In payments this is more than a log file, it is often double-entry bookkeeping at the core. Every debit has a matching credit, and the ledger balances at all times. Settlement windows (say, end-of-day netting between banks) depend on these records, as do regulatory audit trails.

This is not a new idea. As Jim Gray described in his 1978 work on transaction processing, databases have always relied on a commit log to guarantee durability and recoverability. The log is the database. What modern ledger systems and blockchains add is immutability and verifiability:

• Hash-chained logs. Every entry in the ledger includes a cryptographic hash of the previous entry. This creates a chain where altering even a single past record changes every hash after it. The effect is tamper evidence: regulators, auditors, or counterparties can verify that no history has been rewritten. In payments this is critical for settlement systems where disputes may arise months later, the hash chain proves the record is intact.
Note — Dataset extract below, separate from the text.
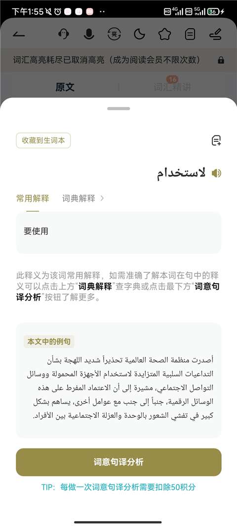2、接着选择一篇文章,点击文中词汇,长按生词,可收藏至个人生词本。

• Patricia–Merkle trees. These are tree-shaped data structures where each branch node contains the hash of its children. They allow you to prove the presence (or absence) of a transaction without revealing the entire ledger. For example, a bank can prove to a regulator that a given transfer is included in the ledger, or two institutions can reconcile only the subset of accounts they have in common. This makes cross-organization settlement and audit feasible without exchanging full databases.
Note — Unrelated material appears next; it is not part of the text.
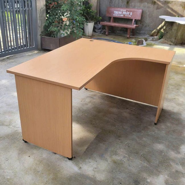 Bàn làm việc gỗ chữ L kích thước 1400 x 1200 x 750 mm (Rộng x Sâu x Cao), thiết kế rộng rãi giúp tối ưu không gian làm việc và sắp xếp hồ sơ, máy tính thuận tiện. Bàn có kiểu dáng hiện đại, chắc chắn, phù hợp sử dụng cho văn phòng hoặc góc làm việc tại nhà.

The result is a tamper-evident accounting system suitable for flows that span organizations and regulators. This is why your bank transfer shows as "pending" for a day or two: it sits in a settlement ledger until the window closes and reconciliation completes.

CRDTs

Conflict-free replicated data types (CRDTs) allow distributed nodes to update independently and converge without locks.
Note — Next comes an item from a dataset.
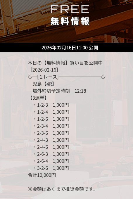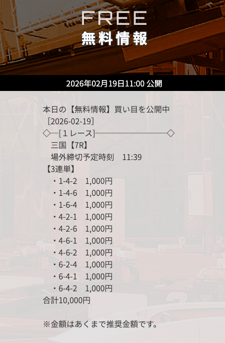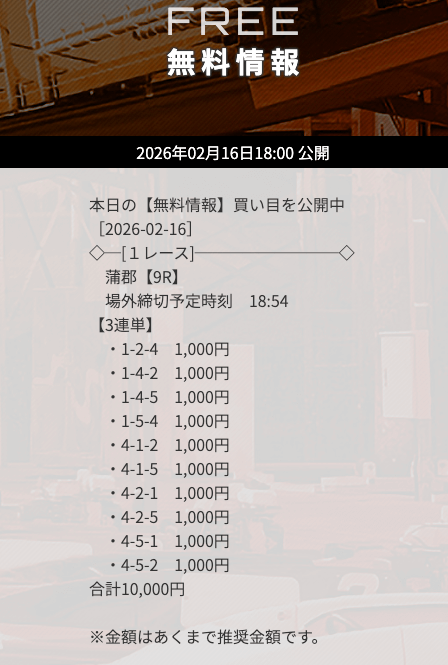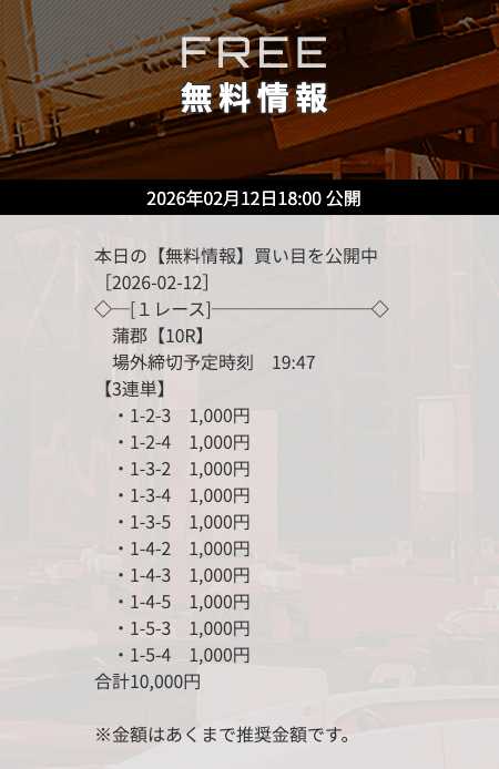 - 公開数:1日2レース(毎日)

In payments, this matters when multiple actors must see consistent balances without a single global database. Imagine a mobile wallet replicated across regions: users can initiate payments offline or under flaky networks. Each node accepts local updates, and CRDTs guarantee the balances converge once connectivity is restored.

Chris Meiklejohn and colleagues have shown how CRDTs can underpin highly available systems that still provide strong convergence guarantees. Systems like Filibuster push this further by systematically testing failure scenarios in microservices, ensuring that retries and idempotency hold even under complex distributed failures.

Academic work such as Meiklejohn & Van Roy's "Lasp" and later work on replicated data types at scale point to a future where distributed programming models incorporate these guarantees by design, rather than bolting them on afterwards.

These approaches do not remove complexity, but they make convergence predictable. They are the natural extension of the same instinct that made relational databases so powerful in the 70s: encapsulate the hard problems once, so that application developers can move faster with less risk.

Practical Guidance

• If one service and one database can own the whole transaction, trust it.
• If multiple services are involved, add tokens, idempotency, and durable queues.
• If multiple organizations or regions are involved, add ledgers and consider CRDTs.

This is not academic. It's how real-world systems run. Stripe processes millions of payments a day using idempotency keys. Your bank marks a transfer as "pending" because it sits in a settlement ledger until the next batch window. The point is not to eliminate retries or duplicates, but to make them safe and boring.